> _Work instruction_
Within the entries below, find the portion that opens with the line containing "BS EN IEC 62772." and closes with the line containing "Luego de la". Retype that portion exactly and only.

> _Records supplied_
________________________

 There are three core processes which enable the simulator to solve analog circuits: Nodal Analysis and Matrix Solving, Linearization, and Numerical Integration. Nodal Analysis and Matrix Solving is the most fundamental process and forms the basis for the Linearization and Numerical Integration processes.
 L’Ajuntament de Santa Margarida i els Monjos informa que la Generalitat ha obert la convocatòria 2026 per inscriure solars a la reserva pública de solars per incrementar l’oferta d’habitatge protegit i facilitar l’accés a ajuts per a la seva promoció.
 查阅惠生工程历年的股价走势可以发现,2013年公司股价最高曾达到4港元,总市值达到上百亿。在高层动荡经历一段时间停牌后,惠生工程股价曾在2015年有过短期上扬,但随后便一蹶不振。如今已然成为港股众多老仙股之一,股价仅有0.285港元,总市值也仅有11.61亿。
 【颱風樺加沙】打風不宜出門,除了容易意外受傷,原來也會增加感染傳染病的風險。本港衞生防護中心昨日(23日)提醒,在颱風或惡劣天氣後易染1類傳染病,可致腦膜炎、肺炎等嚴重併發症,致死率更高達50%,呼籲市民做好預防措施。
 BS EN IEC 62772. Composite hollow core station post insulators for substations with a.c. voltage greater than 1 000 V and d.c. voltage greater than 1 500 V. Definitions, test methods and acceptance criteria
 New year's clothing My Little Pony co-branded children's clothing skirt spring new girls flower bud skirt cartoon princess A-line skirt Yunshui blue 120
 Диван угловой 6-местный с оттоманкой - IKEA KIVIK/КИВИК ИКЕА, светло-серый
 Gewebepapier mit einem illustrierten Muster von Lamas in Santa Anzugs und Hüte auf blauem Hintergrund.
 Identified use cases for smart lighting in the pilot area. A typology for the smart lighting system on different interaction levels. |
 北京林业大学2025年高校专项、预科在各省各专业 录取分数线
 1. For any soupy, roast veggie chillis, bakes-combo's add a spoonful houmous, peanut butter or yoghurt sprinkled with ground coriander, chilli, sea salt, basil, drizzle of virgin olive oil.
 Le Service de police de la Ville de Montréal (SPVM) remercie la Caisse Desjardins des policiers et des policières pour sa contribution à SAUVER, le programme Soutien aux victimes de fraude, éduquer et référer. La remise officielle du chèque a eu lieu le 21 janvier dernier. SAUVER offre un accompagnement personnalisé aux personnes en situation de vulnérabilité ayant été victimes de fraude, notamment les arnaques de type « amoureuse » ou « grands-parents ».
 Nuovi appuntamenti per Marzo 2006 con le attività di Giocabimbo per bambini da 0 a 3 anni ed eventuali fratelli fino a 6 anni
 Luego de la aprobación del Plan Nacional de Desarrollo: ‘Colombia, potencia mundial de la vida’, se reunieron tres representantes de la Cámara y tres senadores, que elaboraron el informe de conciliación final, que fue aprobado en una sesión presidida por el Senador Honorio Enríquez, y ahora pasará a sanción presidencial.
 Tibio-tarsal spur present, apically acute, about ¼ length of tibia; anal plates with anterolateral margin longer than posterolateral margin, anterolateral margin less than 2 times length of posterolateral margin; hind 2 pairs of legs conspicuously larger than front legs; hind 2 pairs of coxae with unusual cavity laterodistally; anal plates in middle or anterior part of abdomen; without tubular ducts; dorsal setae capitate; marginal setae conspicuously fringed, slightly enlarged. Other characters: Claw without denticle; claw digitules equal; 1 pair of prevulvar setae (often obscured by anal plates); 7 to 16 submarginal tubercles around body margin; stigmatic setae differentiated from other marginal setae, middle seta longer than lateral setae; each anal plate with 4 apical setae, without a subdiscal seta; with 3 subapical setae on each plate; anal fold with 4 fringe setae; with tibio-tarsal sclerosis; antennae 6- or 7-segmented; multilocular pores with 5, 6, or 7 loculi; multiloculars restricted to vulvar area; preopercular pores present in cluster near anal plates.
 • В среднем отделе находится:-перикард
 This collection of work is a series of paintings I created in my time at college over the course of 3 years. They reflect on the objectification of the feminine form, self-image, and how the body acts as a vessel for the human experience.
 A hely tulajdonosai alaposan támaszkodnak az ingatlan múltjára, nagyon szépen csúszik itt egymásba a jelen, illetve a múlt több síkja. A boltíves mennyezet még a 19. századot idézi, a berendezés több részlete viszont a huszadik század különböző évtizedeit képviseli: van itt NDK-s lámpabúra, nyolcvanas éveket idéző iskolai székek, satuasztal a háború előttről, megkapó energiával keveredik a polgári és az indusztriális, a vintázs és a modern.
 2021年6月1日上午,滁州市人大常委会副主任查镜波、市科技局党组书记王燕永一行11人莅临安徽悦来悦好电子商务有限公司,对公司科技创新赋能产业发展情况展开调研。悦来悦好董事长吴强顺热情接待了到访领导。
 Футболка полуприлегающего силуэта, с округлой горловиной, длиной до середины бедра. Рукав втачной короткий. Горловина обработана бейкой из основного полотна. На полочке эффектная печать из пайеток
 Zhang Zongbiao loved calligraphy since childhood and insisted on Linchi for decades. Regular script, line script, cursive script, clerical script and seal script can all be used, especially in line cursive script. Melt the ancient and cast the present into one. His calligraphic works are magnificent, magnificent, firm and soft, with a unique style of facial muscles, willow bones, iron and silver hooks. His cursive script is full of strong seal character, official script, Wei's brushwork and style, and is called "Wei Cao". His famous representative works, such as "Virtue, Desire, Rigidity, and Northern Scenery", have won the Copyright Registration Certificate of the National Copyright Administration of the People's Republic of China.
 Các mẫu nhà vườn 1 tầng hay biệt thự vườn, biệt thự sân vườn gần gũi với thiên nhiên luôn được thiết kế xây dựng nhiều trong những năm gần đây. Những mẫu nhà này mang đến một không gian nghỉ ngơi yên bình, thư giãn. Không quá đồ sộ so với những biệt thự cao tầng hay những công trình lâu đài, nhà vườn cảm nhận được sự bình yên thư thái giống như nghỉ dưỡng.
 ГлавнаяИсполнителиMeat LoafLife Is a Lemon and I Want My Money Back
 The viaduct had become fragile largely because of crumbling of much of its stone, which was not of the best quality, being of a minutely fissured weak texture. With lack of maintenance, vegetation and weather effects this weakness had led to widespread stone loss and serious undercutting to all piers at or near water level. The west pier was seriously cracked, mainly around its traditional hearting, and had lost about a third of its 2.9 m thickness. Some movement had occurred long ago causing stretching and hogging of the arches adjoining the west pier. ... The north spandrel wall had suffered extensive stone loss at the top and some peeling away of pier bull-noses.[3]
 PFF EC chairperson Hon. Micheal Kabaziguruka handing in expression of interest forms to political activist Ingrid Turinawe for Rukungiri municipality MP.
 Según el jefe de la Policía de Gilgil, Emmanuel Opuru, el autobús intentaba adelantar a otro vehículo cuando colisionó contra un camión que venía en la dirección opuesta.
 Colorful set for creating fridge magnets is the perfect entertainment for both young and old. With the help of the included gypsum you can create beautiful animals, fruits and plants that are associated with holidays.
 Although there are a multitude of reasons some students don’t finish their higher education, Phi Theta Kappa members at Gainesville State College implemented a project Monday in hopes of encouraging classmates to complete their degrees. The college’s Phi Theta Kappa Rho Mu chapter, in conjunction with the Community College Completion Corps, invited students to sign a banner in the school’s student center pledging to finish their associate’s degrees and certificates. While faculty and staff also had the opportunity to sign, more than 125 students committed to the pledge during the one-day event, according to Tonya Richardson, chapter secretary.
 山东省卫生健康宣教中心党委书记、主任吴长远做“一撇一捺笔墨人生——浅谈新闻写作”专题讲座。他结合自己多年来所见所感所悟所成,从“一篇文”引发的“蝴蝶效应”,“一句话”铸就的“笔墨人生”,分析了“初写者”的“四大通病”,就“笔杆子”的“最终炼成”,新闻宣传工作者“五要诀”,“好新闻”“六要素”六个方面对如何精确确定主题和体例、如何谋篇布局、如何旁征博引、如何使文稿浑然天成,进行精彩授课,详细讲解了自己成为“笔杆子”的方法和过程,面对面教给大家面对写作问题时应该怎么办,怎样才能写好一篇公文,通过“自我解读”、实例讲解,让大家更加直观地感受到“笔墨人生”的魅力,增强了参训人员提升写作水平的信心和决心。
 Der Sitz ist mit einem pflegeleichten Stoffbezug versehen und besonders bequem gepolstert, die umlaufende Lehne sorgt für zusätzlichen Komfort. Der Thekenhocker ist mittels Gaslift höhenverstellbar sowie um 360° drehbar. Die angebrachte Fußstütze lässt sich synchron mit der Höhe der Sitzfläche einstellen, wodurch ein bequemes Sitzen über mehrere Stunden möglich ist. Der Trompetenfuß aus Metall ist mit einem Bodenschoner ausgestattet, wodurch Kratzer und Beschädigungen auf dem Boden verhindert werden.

________________________

> _Task solution_
 BS EN IEC 62772. Composite hollow core station post insulators for substations with a.c. voltage greater than 1 000 V and d.c. voltage greater than 1 500 V. Definitions, test methods and acceptance criteria
 New year's clothing My Little Pony co-branded children's clothing skirt spring new girls flower bud skirt cartoon princess A-line skirt Yunshui blue 120
 Диван угловой 6-местный с оттоманкой - IKEA KIVIK/КИВИК ИКЕА, светло-серый
 Gewebepapier mit einem illustrierten Muster von Lamas in Santa Anzugs und Hüte auf blauem Hintergrund.
 Identified use cases for smart lighting in the pilot area. A typology for the smart lighting system on different interaction levels. |
 北京林业大学2025年高校专项、预科在各省各专业 录取分数线
 1. For any soupy, roast veggie chillis, bakes-combo's add a spoonful houmous, peanut butter or yoghurt sprinkled with ground coriander, chilli, sea salt, basil, drizzle of virgin olive oil.
 Le Service de police de la Ville de Montréal (SPVM) remercie la Caisse Desjardins des policiers et des policières pour sa contribution à SAUVER, le programme Soutien aux victimes de fraude, éduquer et référer. La remise officielle du chèque a eu lieu le 21 janvier dernier. SAUVER offre un accompagnement personnalisé aux personnes en situation de vulnérabilité ayant été victimes de fraude, notamment les arnaques de type « amoureuse » ou « grands-parents ».
 Nuovi appuntamenti per Marzo 2006 con le attività di Giocabimbo per bambini da 0 a 3 anni ed eventuali fratelli fino a 6 anni
 Luego de la aprobación del Plan Nacional de Desarrollo: ‘Colombia, potencia mundial de la vida’, se reunieron tres representantes de la Cámara y tres senadores, que elaboraron el informe de conciliación final, que fue aprobado en una sesión presidida por el Senador Honorio Enríquez, y ahora pasará a sanción presidencial.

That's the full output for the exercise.